In the United States where I’m based it is now the beginning of the school year and that means that it’s also the season for University Rankings. Sometime ago, I was contacted by one of the myriad of university ranking “services” and asked me to fill out a survey about university reputations. As one of my jobs in college was cold-calling people’s landlines for one of the larger (Portuguese) polling companies, I was curious about their questions and decided to participate. My curiosity was richly rewarded.

Their survey asked a number of questions, but I did eventually manage to finish it. I’ve forgotten the details of most questions, but I do remember a few. It started off by asking questions about my academic background, which area I worked in, which universities I had been affiliated with, etc. Perhaps the most interesting kind of question went something along the lines of: “in your opinion, in field X, what are the Top 3 (?) universities?” I naturally excluded any that I had been personally affiliated with, of course ;o)

I’m sure there are many other factors that contribute to the final ranking but for the sake of simplicity let’s focus just on this aspect of their algorithm. This apparently innocuous, and someone obvious, question gives us an interesting view on how their ranking works. Presumably, universities that get named to by more people are taken to be more important than others that get named less often, thus giving a “good” view of the relative importance of each one.

On the other hand, their respondents are not chosen at random. I’m not privy to their methodology but if they want to focus on academics they probably run a search on some academic search engine (Web of Science, Google Scholar, Microsoft Academic, etc…) to find researchers working in each area. As each academic comes from at least one university, we effectively have the individuals from one university naming the most influential universities based on the work they see originating from individuals in other universities. In a rough approximation, this can be seen as Universities ranking each others reputations.

If you have a Computer Science background, you might recognize that a similar mechanism is at play in the World Wide Web. When you create a new webpage or blog post you will likely create links to other pages or posts and intuitively, you expect that the best pages will quickly acquire the largest number of incoming links. Indeed, this simple fact lies at the heart of the algorithm devised by Larry Page and Sergey Brin (coincidentally named “PageRank”) and that laid the original foundation for the Google search engine.

# PageRank

PageRank relies on the uniquely democratic nature of the Web by using its vast link structure as an indicator of an individual page’s value. In essence, Google interprets a link from page A to page B as a vote, by page A, for page B. But, Google looks at considerably more than the sheer volume of votes, or links a page receives; for example, it also analyzes the page that casts the vote. Votes cast by pages that are themselves “important” weigh more heavily and help to make other pages “important.” Using these and other factors, Google provides its views on pages’ relative importance. This idea is extremely simple. The importance of each page is the average of the importance of every page that points to it. There is however, one obvious problem…

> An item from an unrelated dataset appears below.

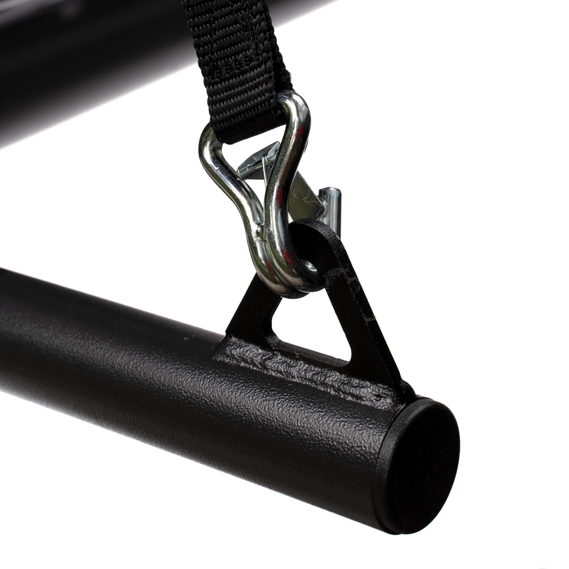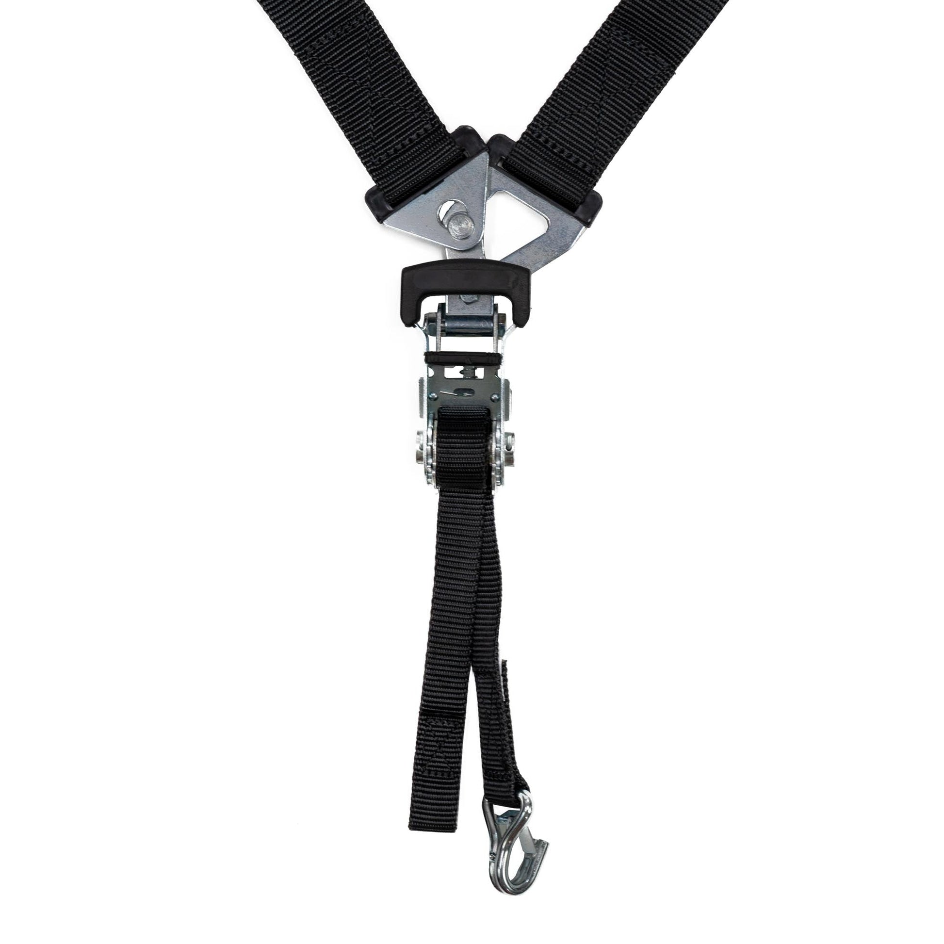 Heavy duty, maximum-stability tire tie down with a ratcheting lever designed for motorcycles with a 645 lb. working load limit.

if the importance of everybody depends on everybody else how can you calculate anything?

The answer lies in the concept of iteration… you assign each node the same “importance”, say, *m*, and make every node play a simple game: Look at your outgoing links and evenly send each page you point to an equal share of your current importance. This similar in idea to the questionnaire I mentioned above, except that here we are not limited to just the 3 “most important” connections. After one step of this game each node has a new value, *mi*, of importance that is the sum of the importance “points” it received from all the pages that link to it. Under some simple assumptions, it is simple to show that by playing this game repeatedly we will eventually reach a situation where the values of *mi* assigned to each node stops changing.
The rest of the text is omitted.